[Collection entries]
= = = = =

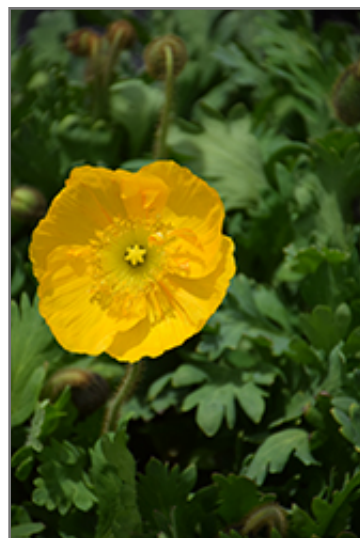
Champagne Bubbles Yellow Poppy flowers

Champagne Bubbles Yellow Poppy is an open herbaceous perennial with tall flower stalks held atop a low mound of foliage. It brings an extremely fine and delicate texture to the garden composition and should be used to full effect.
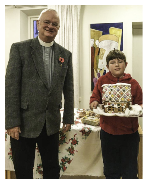
More dazzling pictures from the events of the day

It MAY HAVE BEEN gray and unpleasant outside but in the church people were happy and excited to celebrate our patron saint St Andrew whose picture watches over us from high up in the windows. It was a lovely service with the choir singing well with some extra voices.
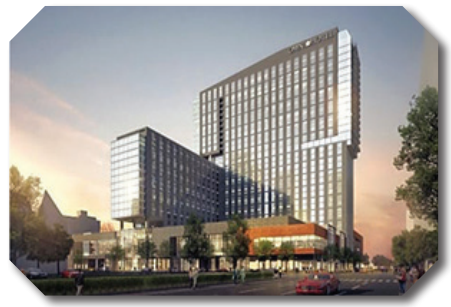
2023 July 16-19
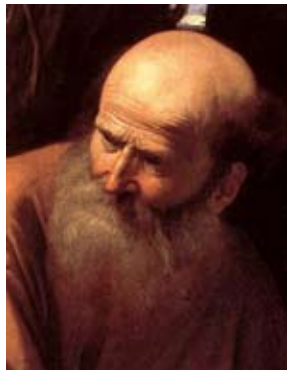
2) Sacrifice of Isaac 1603

= = = = =

→ Your objective: The answer should be one number: how many lines of the data above contain "from".

→ Answer section: 2